▸ **EXERCISE**: With the pictures left out, transcribe exactly the lines from the one with "諸城福田招聘 長(zhǎng)白班 男" through the end of the data.

▸ **AVAILABLE DATA**:
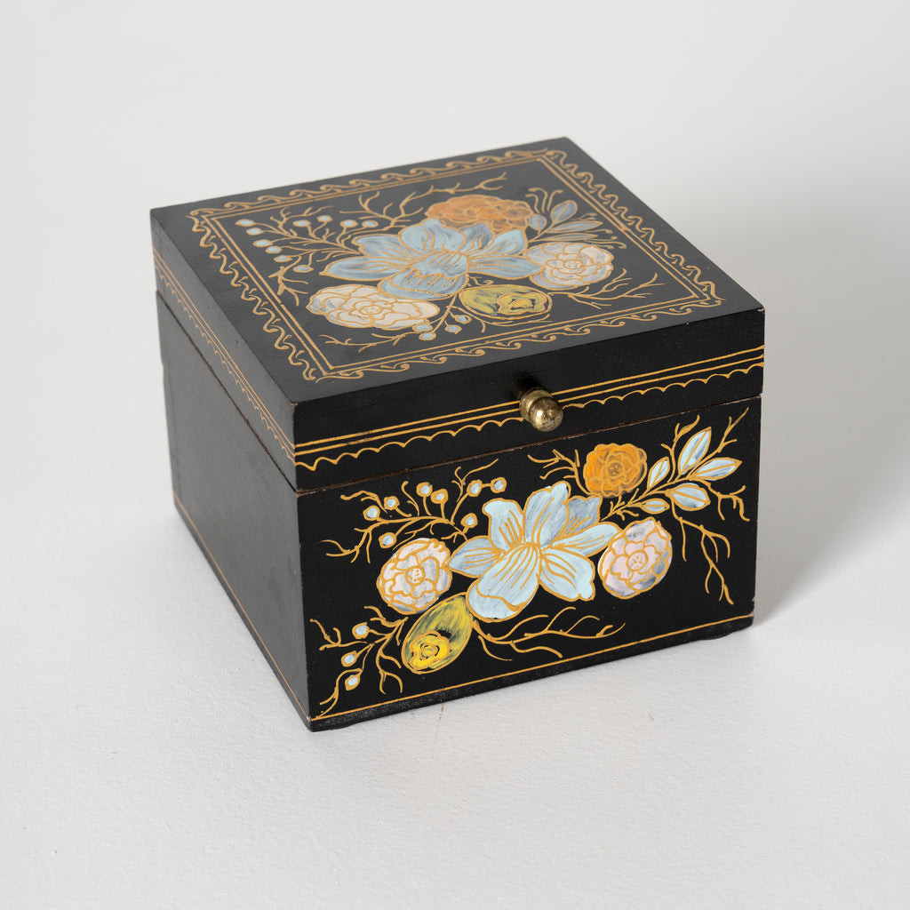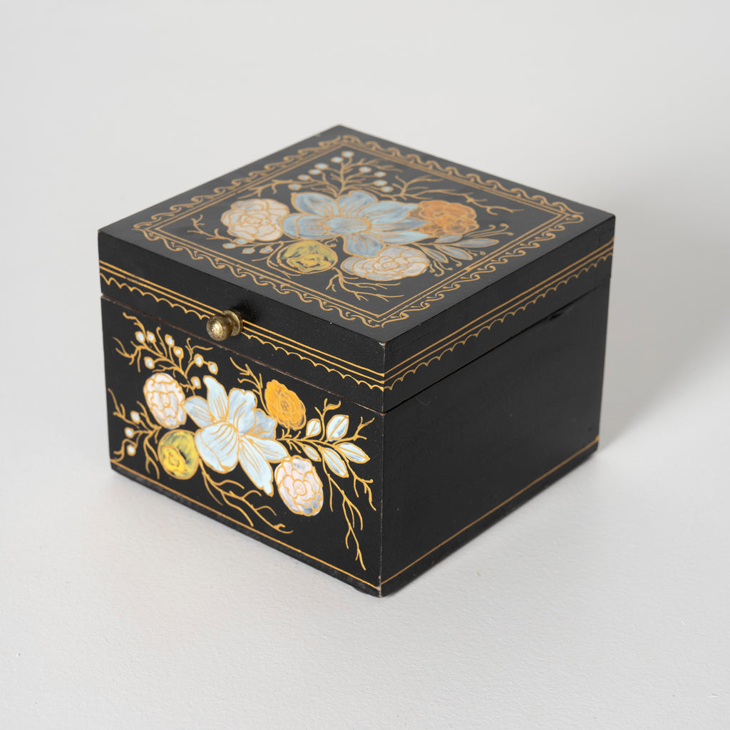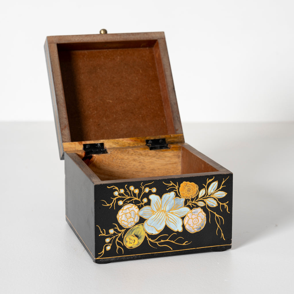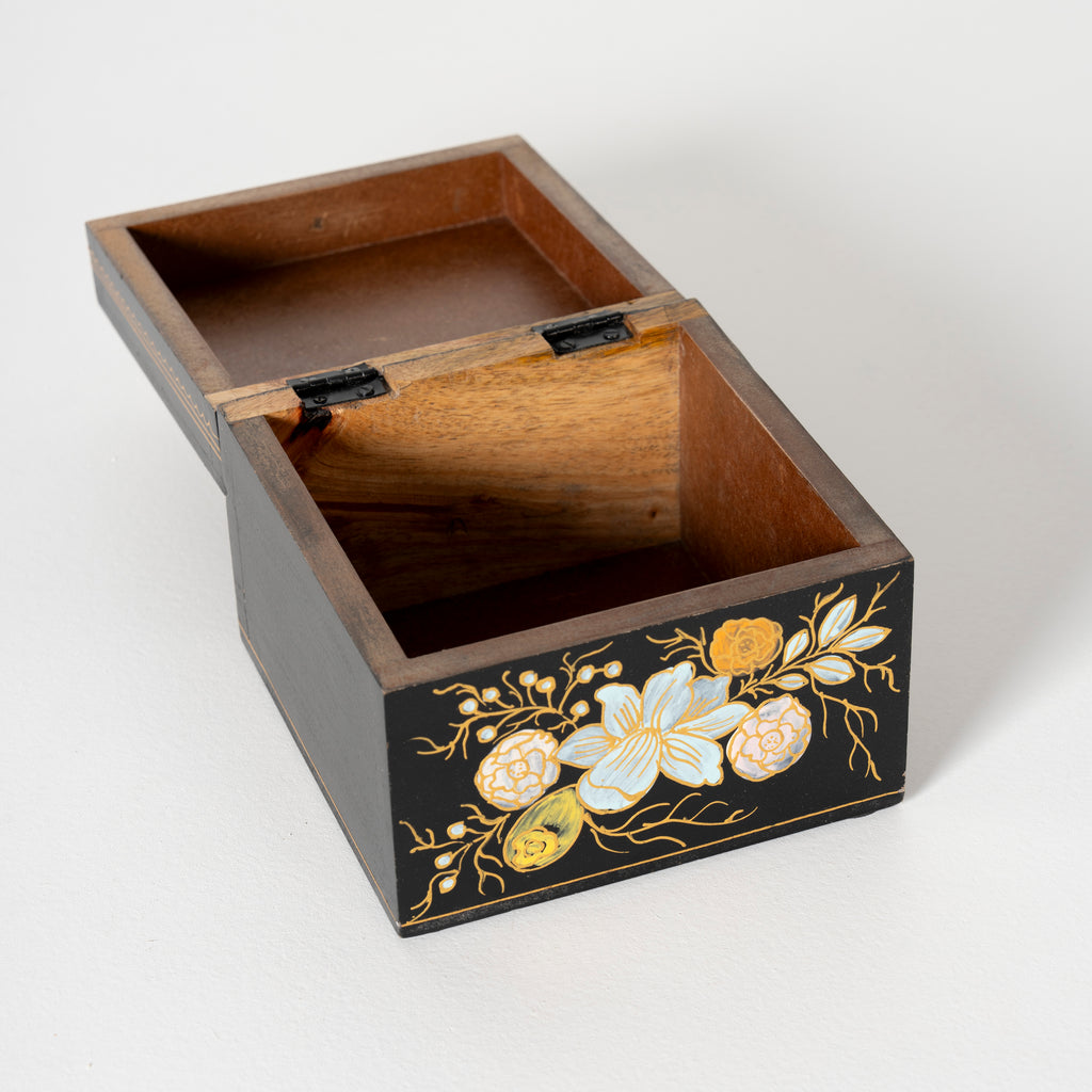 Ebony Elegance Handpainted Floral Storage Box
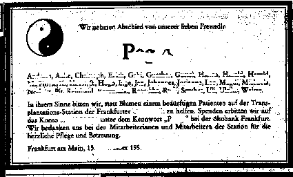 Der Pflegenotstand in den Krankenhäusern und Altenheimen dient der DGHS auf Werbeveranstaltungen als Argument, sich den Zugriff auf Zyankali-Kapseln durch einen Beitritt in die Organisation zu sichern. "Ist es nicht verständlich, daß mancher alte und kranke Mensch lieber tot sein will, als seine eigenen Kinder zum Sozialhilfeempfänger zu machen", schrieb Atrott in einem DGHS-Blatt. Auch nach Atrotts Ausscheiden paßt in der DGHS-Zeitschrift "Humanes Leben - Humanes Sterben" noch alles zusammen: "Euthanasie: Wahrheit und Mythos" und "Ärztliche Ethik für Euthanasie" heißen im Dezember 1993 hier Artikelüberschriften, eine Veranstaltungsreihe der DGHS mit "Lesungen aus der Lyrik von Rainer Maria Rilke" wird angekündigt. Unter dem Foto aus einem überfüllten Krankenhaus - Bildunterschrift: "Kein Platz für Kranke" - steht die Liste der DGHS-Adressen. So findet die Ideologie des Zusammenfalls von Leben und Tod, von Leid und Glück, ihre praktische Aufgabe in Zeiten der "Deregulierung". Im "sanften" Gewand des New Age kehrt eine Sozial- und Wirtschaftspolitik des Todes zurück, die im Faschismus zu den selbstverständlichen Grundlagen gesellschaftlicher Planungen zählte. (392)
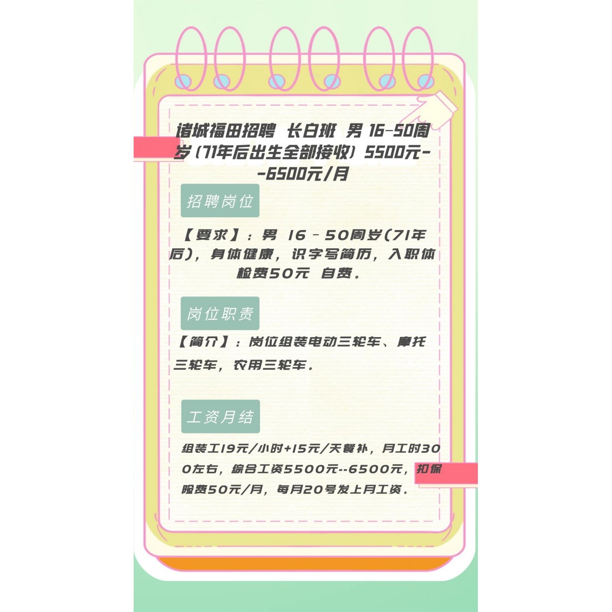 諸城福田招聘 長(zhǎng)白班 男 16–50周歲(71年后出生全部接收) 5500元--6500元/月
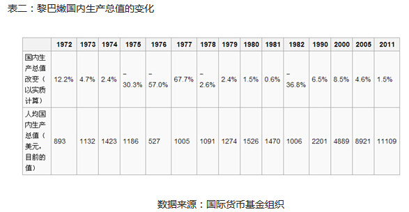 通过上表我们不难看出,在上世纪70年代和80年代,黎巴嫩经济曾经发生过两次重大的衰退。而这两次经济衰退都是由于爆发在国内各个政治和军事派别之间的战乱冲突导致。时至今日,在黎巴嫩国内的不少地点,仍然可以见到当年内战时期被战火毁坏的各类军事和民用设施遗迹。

▸ **ANSWER FOR THE TASK**:
 諸城福田招聘 長(zhǎng)白班 男 16–50周歲(71年后出生全部接收) 5500元--6500元/月
 通过上表我们不难看出,在上世纪70年代和80年代,黎巴嫩经济曾经发生过两次重大的衰退。而这两次经济衰退都是由于爆发在国内各个政治和军事派别之间的战乱冲突导致。时至今日,在黎巴嫩国内的不少地点,仍然可以见到当年内战时期被战火毁坏的各类军事和民用设施遗迹。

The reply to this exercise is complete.